Matthew Griffin, described as “The Adviser behind the Advisers” and a “Young Kurzweil,” is the founder and CEO of the World Futures Forum and the 311 Institute, a global Futures and Deep Futures consultancy working between the dates of 2020 to 2070, and is an award winning futurist, and author of “Codex of the Future” series. Regularly featured in the global media, including AP, BBC, Bloomberg, CNBC, Discovery, RT, Viacom, and WIRED, Matthew’s ability to identify, track, and explain the impacts of hundreds of revolutionary emerging technologies on global culture, industry and society, is unparalleled. Recognised for the past six years as one of the world’s foremost futurists, innovation and strategy experts Matthew is an international speaker who helps governments, investors, multi-nationals and regulators around the world envision, build and lead an inclusive, sustainable future. A rare talent Matthew’s recent work includes mentoring Lunar XPrize teams, re-envisioning global education and training with the G20, and helping the world’s largest organisations envision and ideate the future of their products and services, industries, and countries. Matthew's clients include three Prime Ministers and several governments, including the G7, Accenture, Aon, Bain & Co, BCG, Credit Suisse, Dell EMC, Dentons, Deloitte, E&Y, GEMS, Huawei, JPMorgan Chase, KPMG, Lego, McKinsey, PWC, Qualcomm, SAP, Samsung, Sopra Steria, T-Mobile, and many more.
WHY THIS MATTERS IN BRIEF
Historically AI’s have learned how to caption images, but now they’re learning how to make images from text and it will revolutionise content creation.

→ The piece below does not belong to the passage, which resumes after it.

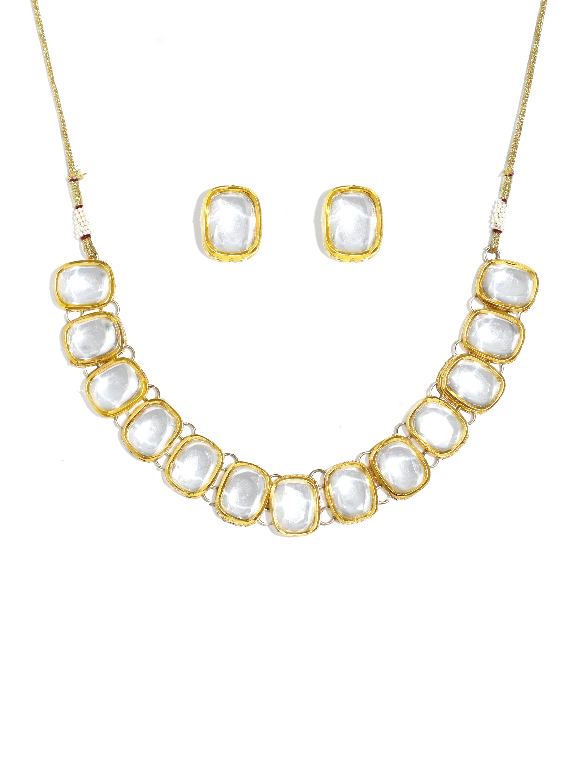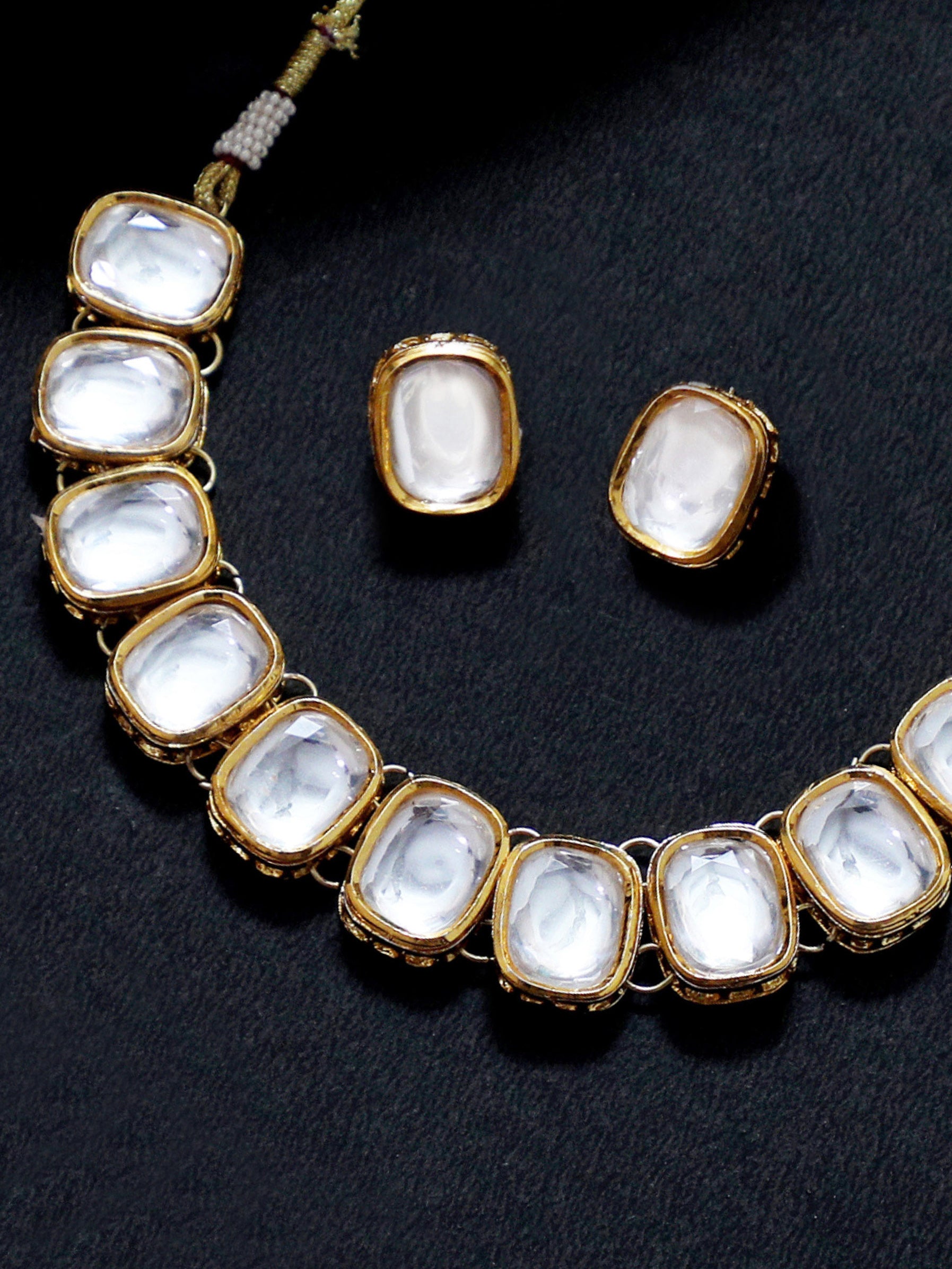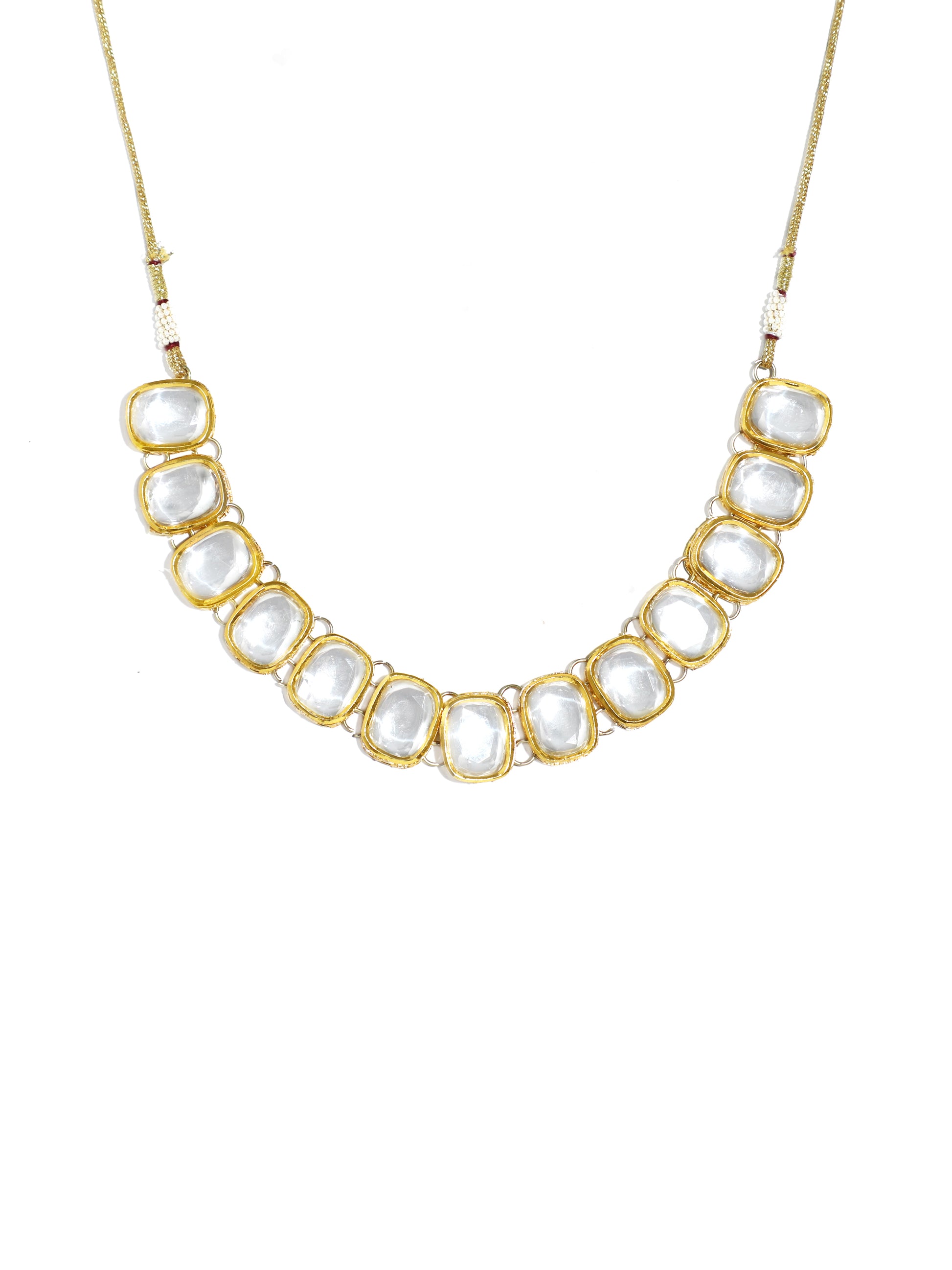 - Traditional Gold Plated Polki Kundan Choker Necklace with Stud Earrings for Women. It's Five Layer Micro Gold Plated for High Durability. Intricate high polish creates glamorous reflections and adds a luxurious look. Perfect for Weddings, Festivals, Traditional Occasions. Best when paired with any Indian outfit.

Artificial Intelligence (AI) is getting better and better at generating synthetic content, from art, blogs, books, and imagery, to music and videos, from scratch using nothing but data and some new fangled AI imagination. And over the past year or so I’ve shown off AI’s that can generate basic videos from text, generate images from your brainwaves, create realistic human faces from nothing more than mere doodles, and even create photo-real DeepFake news anchors from text.
Now Microsoft, the University of Albany, and JD AI Research have unveiled an AI that can sketch images, albeit slightly abstract ones for now, from nothing more than captions, and they published their work, called objGAN, in IEEE. The paper’s co-authors also claim the approach they used to build their new toy resulted in a “significant boost” in picture quality compared with previous state-of-the-art techniques.
“Our [generators] are able to use the fine grained word and object level information [in the captions] to gradually refine their synthetic images,” they wrote. “Extensive experiments then demonstrated objGAN’s effectiveness and ability to generalise imagery using Text-to-Image generation for complex scenes.”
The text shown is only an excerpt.